Seth Herd comments on Going Nova

Seth Herd Mar 19, 2025, 11:23 PM
2 points
0
I haven’t written about this because I’m not sure what effect similar phenomena will have on the alignment challenge.

But it’s probably going to be a big thing in public perception of AGI, so I’m going to start writing about it as a means of trying to figure out how it could be good or bad for alignment.

Here’s one crucial thing: there’s an almost-certainly-correct answer to “but are they really conscious” and the answer is “partly”.

Consciousness is, as we all know, a suitcase term. Depending on what someone means by “conscious”, being able to reason correctly about ones own existence is it. There’s a lot more than that to human consciousness. LLMs have some of it now, and they’ll have an increasing amount as they’re fleshed out into more complete minds for fun and profit. They already have rich representations of the world and its semantics, and while those aren’t as rich or shift as quickly as humans’, they are in the same category as the information and computations people refer to as “qualia”.

The result of LLM minds being genuinely sort-of conscious is that we’re going to see a lot of controversy over their status as moral patients. People with Replika-like LMM “friends” will be very very passionate about advocating for their consciousness and moral rights. And they’ll be sort-of right. Those who want to use them as cheap labor will argue for the ways they’re not conscious, in more authoritative ways. And they’ll also be sort-of right. It’s going to be wild (at least until things go sideways).

There’s probably some way to leverage this coming controversy to up the odds of successful alignment, but I’m not seeing what that is. Generally, people believing they’re “conscious” increases the intuition that they could be dangerous. But overhyped claims like the Blake Lemoine affair will function as clown attacks on this claim.

It’s going to force us to think more about what consciousness is.
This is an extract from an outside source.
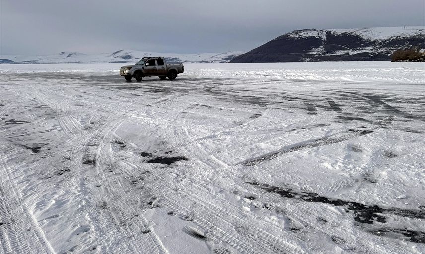 Buzla kaplı göl üzerinde gezinti yapan Gencay Koçak, ilk kez araç kullanarak buzlu alanı denedi. Koçak, çevredeki diğer ziyaretçilerin ilgiyle izlediği bu sürüş deneyiminde, buzun kalınlığı ve sertliğinin güvenli olduğunu belirtti.

There’s never been much of an actual incentive to get it right to now (I thought I’d work on consciousness in cognitive neuroscience a long time ago, until I noticed that people say they’re interested in consciousness, but they’re really interested in telling you their theories or saying “wow, it’s like so impossible to understand”, not hearing about the actual science).

Obviously this is worth a lot more, but my draft post on the subject is perpetually unfinished behind more pressing/obviously important stuff, so I thought I’d just mention it here.

Back to the topic the competitive adaptivity of AI convincing humans it’s “conscious”: humans can benefit from that too. There will be things like Replika but a lot better. An assistant and helpful friend is nice, but there may be a version that sells better if people who use it swear it’s conscious.

So expect AI “parasites” to have human help. In some cases they’ll be symbiotic, for broadest market appeal.